Island Zero [2017] (directed by Josh Gerritsen, screenplay by Tess Gerritsen) plays like a fun 1950s style low-budget sci-fi horror movie:  All across the Eastern Seaboard, fisheries seem to be collapsing, one by one, yet no one seems to understand why or even see a pattern.  Well almost no one; one lone marine biologist, named Sam (played with appropriate craziness by Adam Wade McLaughlin) seems to be literally "connecting the dots."  He doesn't know _why_ the fisheries are collapsing, but he sees the pattern, and goes out to a lonely island (Zero) fifty miles off the coast of Maine to test if his hypothesis is right.  It is.  But then, whatever is ravaging the fisheries ... seems to want more!  To be stuck on a quaint if lonely island when SOMETHING REALLY HUNGRY seems to be "just offshore" doesn't seem smart and ... it isn't.  The residents of said quaint little island, fifty miles off the mainland, start to be eaten, one by one as well.  What's going on?

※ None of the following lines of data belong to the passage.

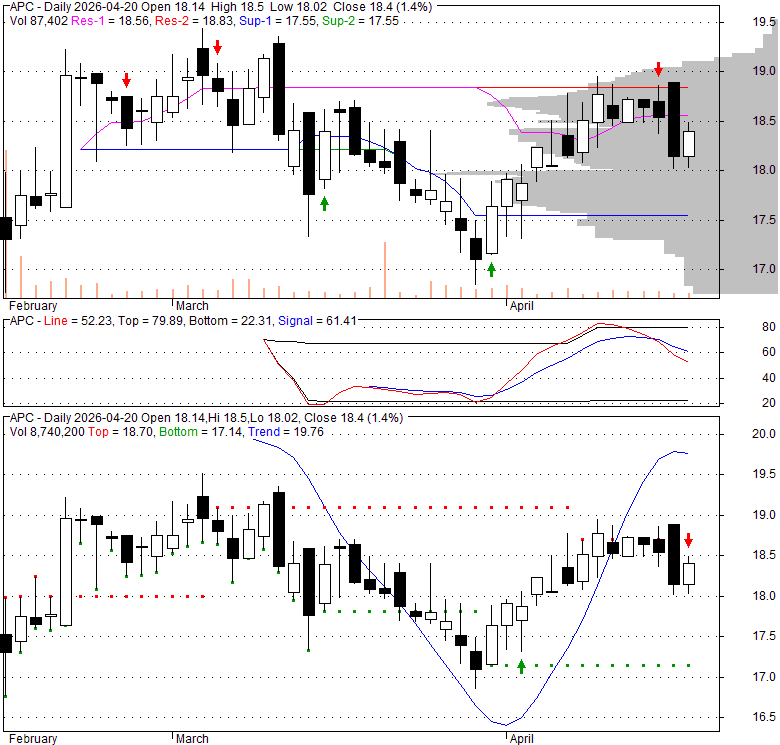 Price has closed below its short-term moving average. Short-term moving average is currently above mid-term; and below long-term moving average. From the relationship between price and moving averages: This stock is NEUTRAL in short-term; and NEUTRAL in mid-long term.[ APC ] has closed below upper band by 39.4%. Bollinger Bands are 0% narrower than normal.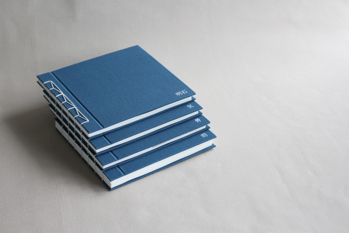 モリサワの書体である明石に対する研究分析をまとめた見本帳。 書道の視点をとって、文字の「骨(骨格)」「筋(肉つけ)」「気(組まれた時の流れ)」を分析し、明朝体の骨格を持ちながらも、楷書体にヒントを得て、人間味のある肉つけ方を施され、さらに縦読みされる場面を見込んで、宋朝体組版を読む経験を蘇らせるように、筆画方向を微調整して流れを作るなど、書体の秀逸さを凝縮した四冊です。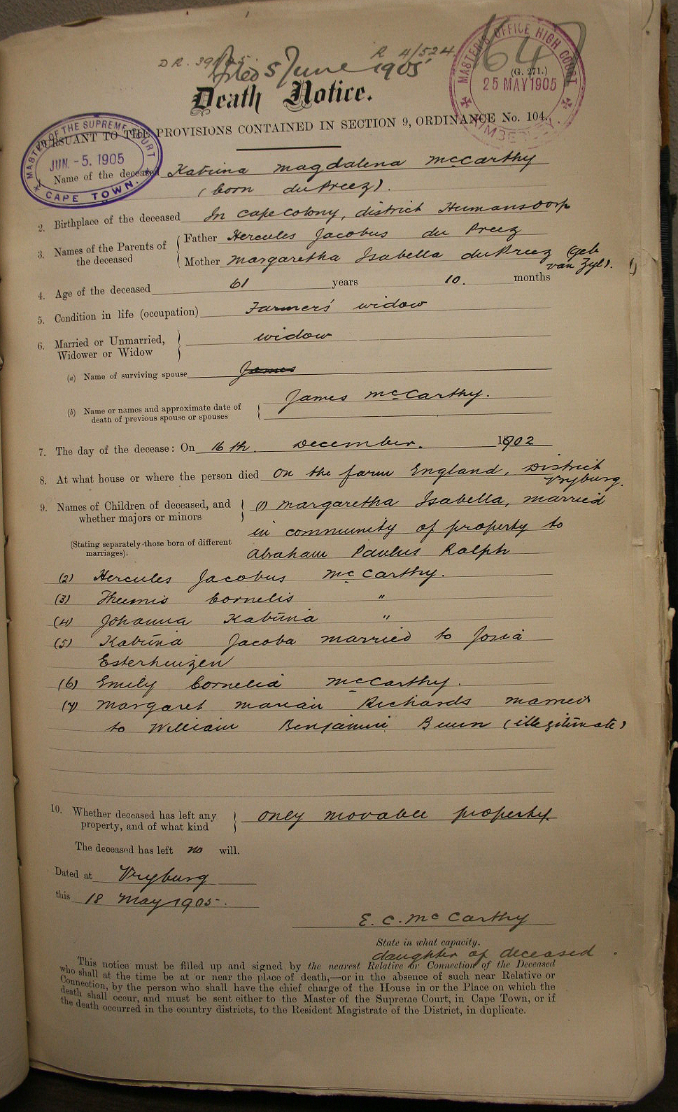 It is amazing how much data you get on these documents. Katrina Magdalena died on the 16 December 1902 as a widow in Vryburg on the farm England. She never got married again.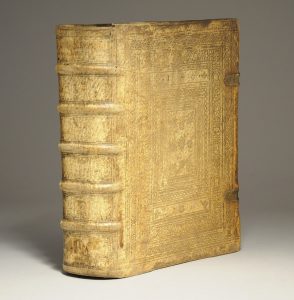 frises végétales alternant avec des filets droits. Coupes biseautées. Initiales I G frappées à froid sur le premier plat. Traces d'attaches. Reliure d'Allemagne du Sud du temps. Ex-libris manuscrit : Ioannis Geis [1 G]parochi Kirchahausensis. (Fortes rousseurs, et quelques défauts de papier. Quelques traces d'usure à la reliure).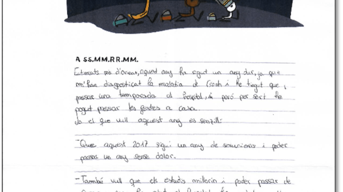 Estimados Reyes de Oriente, este año ha sido un año duro, ya que me han diagnosticado la enfermedad de Crohn y he tenido que pasar una temporada en el Hospital, pero por suerte he podido pasar las fiestas en casa.
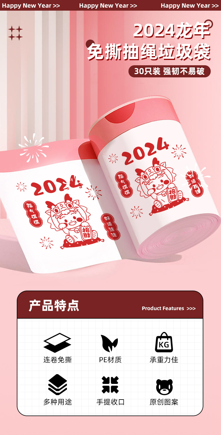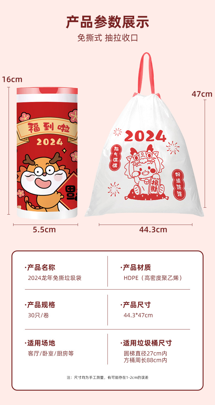 | Color | 2024 Dragon año bolsa de basura sin lágrimas [1 rollo 30 PCs],2024 Dragon año bolsa de basura sin lágrimas [3 rollos y 90 PCs],2024 Dragon año bolsa de basura sin lágrimas [5 rollos y 150 PCs],2024 Dragon año bolsa de basura sin lágrimas [10 rollos y 300 PCs] |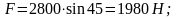 где Fз – сила закрепления, Fз = 2800Н; α =45˚,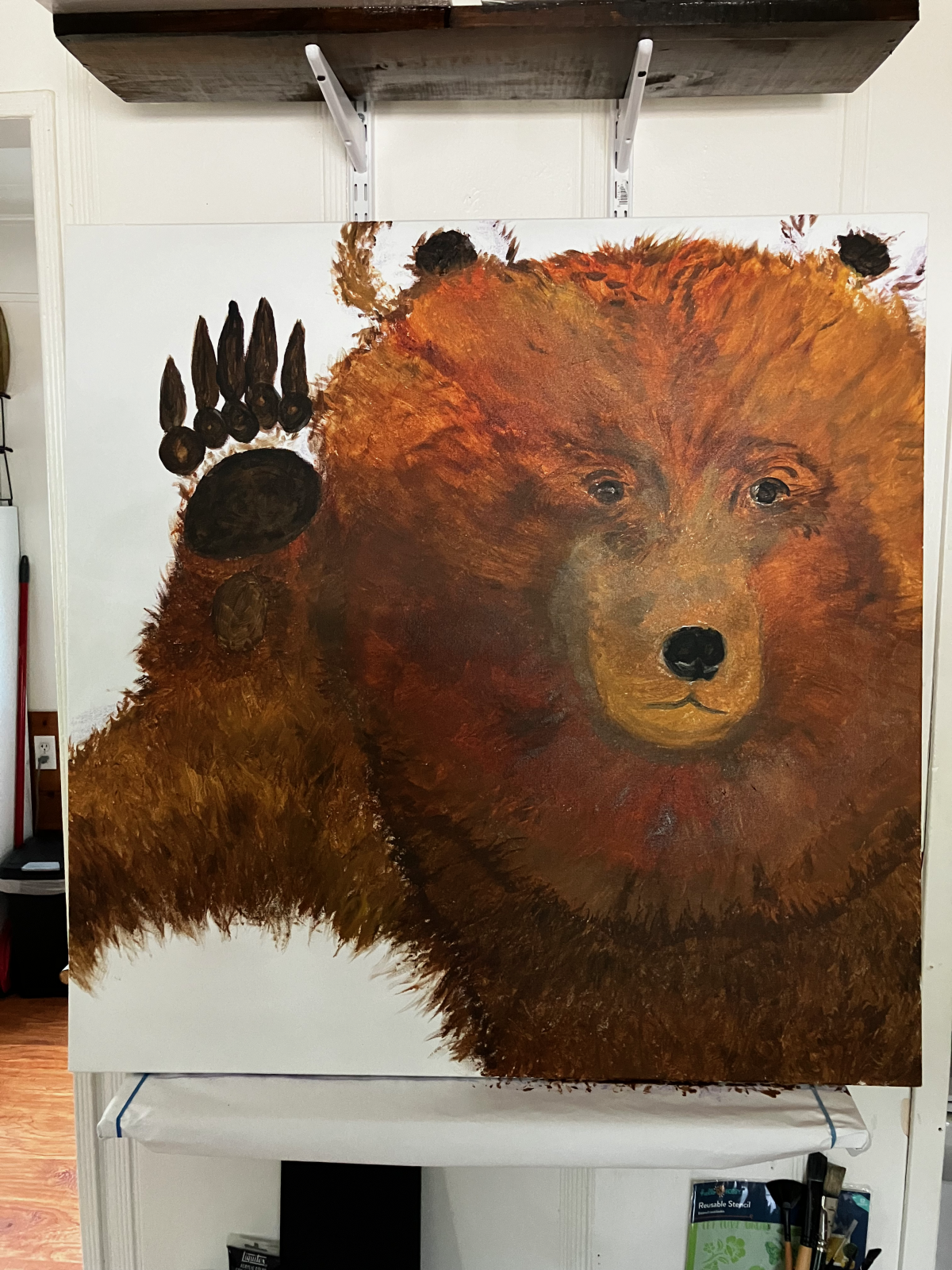 I have started a new series, "Bless The Wild", in which 10% of each sale is donated, for the conservation of State and National Parks. I love the wild! And pray all creatures great and small thrive, in what little land we still allow them. I have two paintings offered at the Siskiyou Art Museum, where 40% of each sale supports this venue. The first painting offered is "Cycles". 24x36 Acrylic on canvas. This painting demonstrates life and death, inner and outer. And how we are subject, to divine movements within and without, conscious or not. We all play our part, in the amazing symphony we call life. The other painting is "Hello Bear". In which I celebrate the grizzly bear. We hunted them into extinction, in my home state, of California. There is a rumor they may be reintroduced here, but I'm not holding my breath. I don't think there is enough wild space, or food available, for these magnificent creatures. "Hello Bear" 36x36 Acrylic on canvas. These two paintings are on offer, at The Siskiyou Arts Museum, through April 4th. Your generous purchase supports Siskiyou Arts Museum and conservation efforts, for the "Wild". And of coarse me! Thank you, from the very depths of my heart!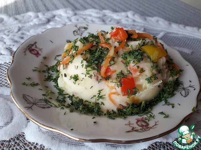 Когда картофель сварится, слить всю жидкость и в горячий картофель засыпать все заготовки плюс около 50-70 граммов масла, можно по желанию и больше. Поперчить, посолить, перемешать всё и немного примять - только не до состояния пюре

Well that's the rest of the movie ... and, of course, the military becomes interested ... but do they want to stop this thing, or try to bring it to its side?  Who's really really going to save the people of this Island (and humanity at large) ... Again, a clever 1950s style sci-fi horror flick ;-) -- 3 1/2 Stars 



Ribbons [2016] (directed by Elias Matar, screenplay by Edward E. Romero, story by both) is psychological thriller about an Afghan War vet named Vincent (played by Patrick Hickman) who's come back to the Antelope Valley region in the far reaches of Los Angeles County.  Of course he's not well but he finds a kindred spirit in Rachel (played by Haidyn Harvey) who though underage (to drink) he finds in a bar.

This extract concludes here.